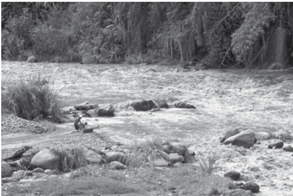
Río Chinchiná.

Las características inhospitalarias de la región paramuna inspiraron los calificativos de “La Siberia”, “El Destierro”, “Amarguras”, “La Esperanza”, “El Desquite”; y la imponentia del paisaje quedó plasmada en El “Cisne”, “El Encanto”, y “La Bella”; “Potosí”, “Los Frailes” por la abundancia de Frailejones ( Espeletia hartwegiana var. centroandina), y otros nombres como “La Palma”, “El Bosque”, “La Oliva”, “Guayabal”, “Romerales” y “Pajonales” son testimonio histórico de la diversidad vegetal. Los animales también dieron su nombre a “El Alto del Oso”, única especie suramericana de este grupo y denominada el Oso de Anteojos, hoy en proceso de extinción, “Los Cuervos”, “El Águila” y Las Dantas.
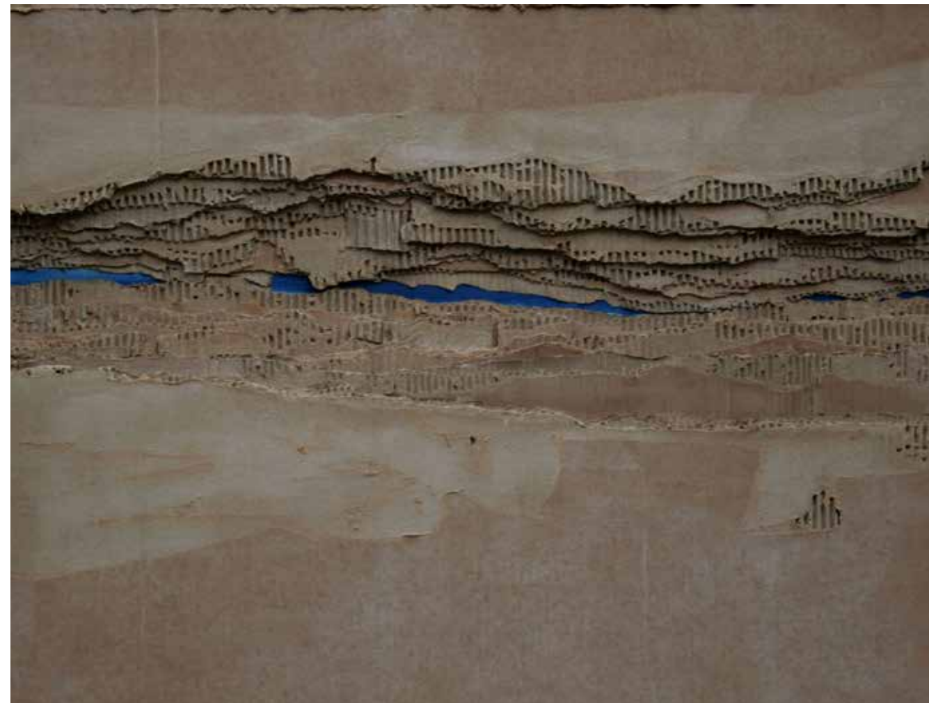
Z cyklu FRAGILE–EPIZOD I, 70×90 cm, technika wł.

Task objective -
The complete listing must be transcribed verbatim, and all pictures are to be omitted.

Task response -
Río Chinchiná.

Las características inhospitalarias de la región paramuna inspiraron los calificativos de “La Siberia”, “El Destierro”, “Amarguras”, “La Esperanza”, “El Desquite”; y la imponentia del paisaje quedó plasmada en El “Cisne”, “El Encanto”, y “La Bella”; “Potosí”, “Los Frailes” por la abundancia de Frailejones ( Espeletia hartwegiana var. centroandina), y otros nombres como “La Palma”, “El Bosque”, “La Oliva”, “Guayabal”, “Romerales” y “Pajonales” son testimonio histórico de la diversidad vegetal. Los animales también dieron su nombre a “El Alto del Oso”, única especie suramericana de este grupo y denominada el Oso de Anteojos, hoy en proceso de extinción, “Los Cuervos”, “El Águila” y Las Dantas.
Z cyklu FRAGILE–EPIZOD I, 70×90 cm, technika wł.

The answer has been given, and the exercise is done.